Table of Contents

Contents

The table of contents presented below is intended to reflect the current version of the UH Data Mining hypertextbook and should be used in conjunction with traditional course textbooks until the complete of this online resource.
Another thing to note is that the placement of chapters is subject to revision and in some cases content may also be moved around to increase understandability One of the really cool features of a hypertextbook is that it can evolve dynamically.  Indeed, content that is useful even in draft form can be included and used immediately.  We will utilize this dynamic aspect of the hypertextbook to bring you updates in real time.
Please note that the chapters below are not linked to the content.  To access a chapter, hover your mouse over the Chapters dropdown menu in the top bar of this page and click on the desired chapter.

Chapter 1. Decision Trees

This chapter provides an introduction to one of the major fields of data mining called classification. It also outlines some of the real world applications of classification tools and introduces the decision tree classifier that is widely used. What is a classifier? What is a decision tree? How does one construct a decision tree? These are just some of the questions answered in this chapter. Currently the novice (green) and intermediate (blue) tracks are active. More content will be added to this chapter over time.

Chapter 2. Association Analysis

In this chapter we explore another major field of data mining called association rules. Association Analysis focuses on discovering association rules which are interesting and useful hidden relationships that can be found in large data sets. This chapter is divided into various sections that explain the key concepts in Association Analysis and introduce you, the reader, to the basic algorithms used in generating Association Rules. Currently the novice (green) and intermediate (blue) tracks are active. More content will be added to this chapter over time.

Chapter 3. Visualization

In this chapter we take a step back from data mining algorithms and techniques and focus on the visualization of data. This step is crucial and normally takes place before any data mining algorithms have been applied or pre-processing techniques, it is useful because it helps us in some situations pinpoint which algorithms should be used in future analysis. This chapter is divided into three main sections, the first section introduces you, the reader to visualization, the second defines general concepts that are pertinent and the third section explores a couple of visualization techniques. This capter also includes a brief introduction to OLAP. More content will be added to this chapter over time.

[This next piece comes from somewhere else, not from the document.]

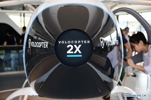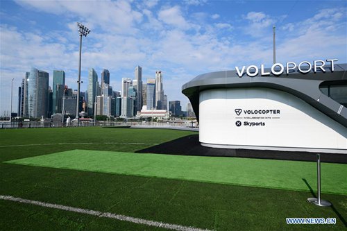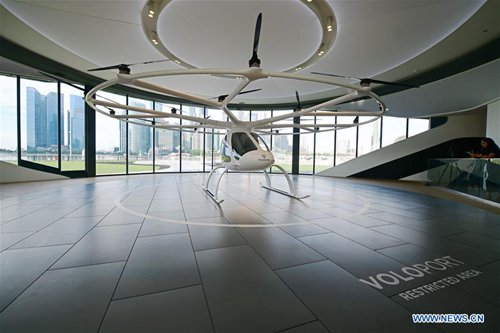 A two-seater Volocopter 2X is on display at the full scale prototype of the world's first air taxi vertiport VoloPort during the Intelligent Transport Systems World Congress at the Marina Bay Floating Platform in Singapore, Oct. 21, 2019. The world's first full-scale air taxi vertiport was unveiled here Monday on the sidelines of the congress. The VoloPort is the joint effort by Volocopter, the German urban air mobility and air taxi pioneer, and Skyports, the British vertiport developer, owner and operator. (Xinhua/Then Chih Wey)

Chapter 4. Cluster Analysis

In this chapter we pick up from where classification left off and delve a little bit deeper into the world of grouping data objects. Cluster analysis aims to group data objects based on the information that is available that describes the objects and their relationships. This chapter is first introduces the concept of cluster analysis and its applications in the real world and then it explores some of the popular clustering techniques such as the k-means clustering algorithm and agglomerative hierarchical clustering. More content will be added to this chapter over time.

Appendix 1.  Includes direct links to Java Applets, online links to additional resources and a list of references

As citations are made to literature, the corresponding references are kept in this appendix.  Links to this appendix accompany the citations.